I stumbled on hmlee's algorithm chart quite by chance.  A lot of good questions in there.

Question 53 caught my eye as a mathematician.

Q53: Say you have three integers between 0 - 9. You have the equation: A! + B! + C! = ABC (where ABS is a three digit numbers, not A * B * C). Find A, B, and C that satisfies this equation.

Interesting.

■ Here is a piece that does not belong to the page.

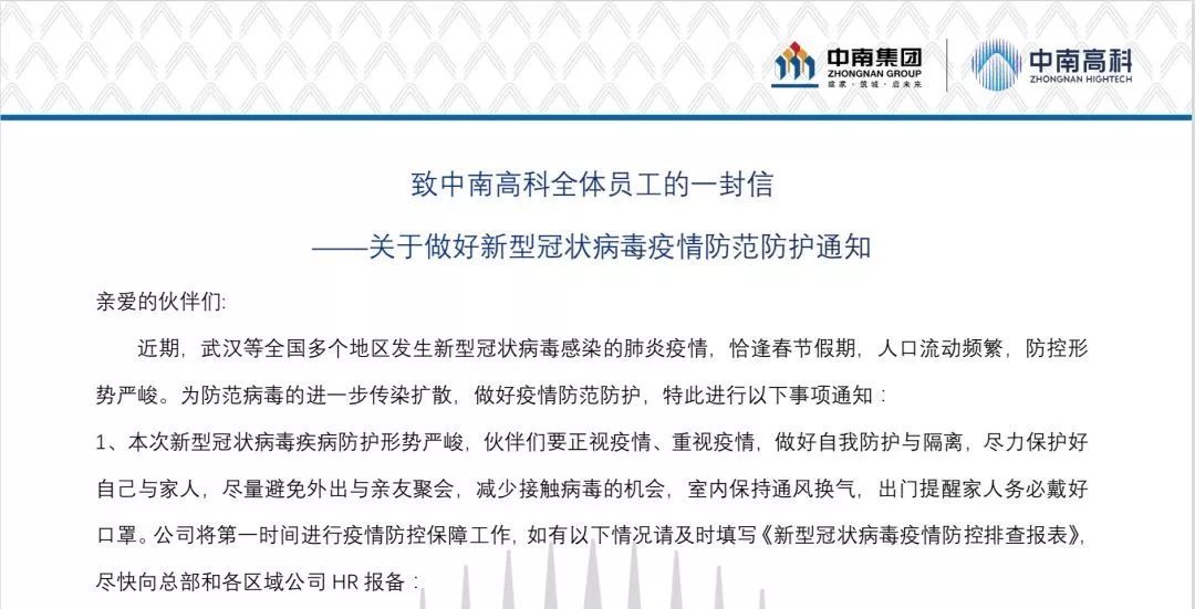 在疫情严峻的当下,中南高科对外不仅积极筹措防疫物资、慰问支援抗疫企业。对内,中南高科不断对员工开展疫情防护宣贯,倡导员工“正视疫情,重视疫情,做好自我防护与隔离”。

But I'd like to modify the question a little.

Q53': Say you have three integers between 0 - 9. You have the equation: A! + B! + C! = A * B * C.
Find A, B, and C that satisfies this equation.

Astute readers will notice that A, B, and C are interchangeable.  Nonetheless there is a unique solution (modulo swapping A, B, and C.)

I'm much less interested in the answer to this question (I know the answer) than I am in the quality of the program used to find the answer.  (I tried finding the answer by hunt-and-peck, then gave up and wrote a program - I find the program to be more interesting than the answer.)  Try to find the solution as efficiently as possible (without cheating.)

I'll post my program later.

If you see a fact, try to see it as intuitively as possible.

I suspect that the following even more general problem has the same unique solution, which would be very interesting indeed.  This is the kind of thing where programs fail, and the mathematical mind becomes necessary again:

Q53'': Say you have three integers that are >= 0. You have the equation: A! + B! + C! = A * B * C.
Find A, B, and C that satisfies this equation.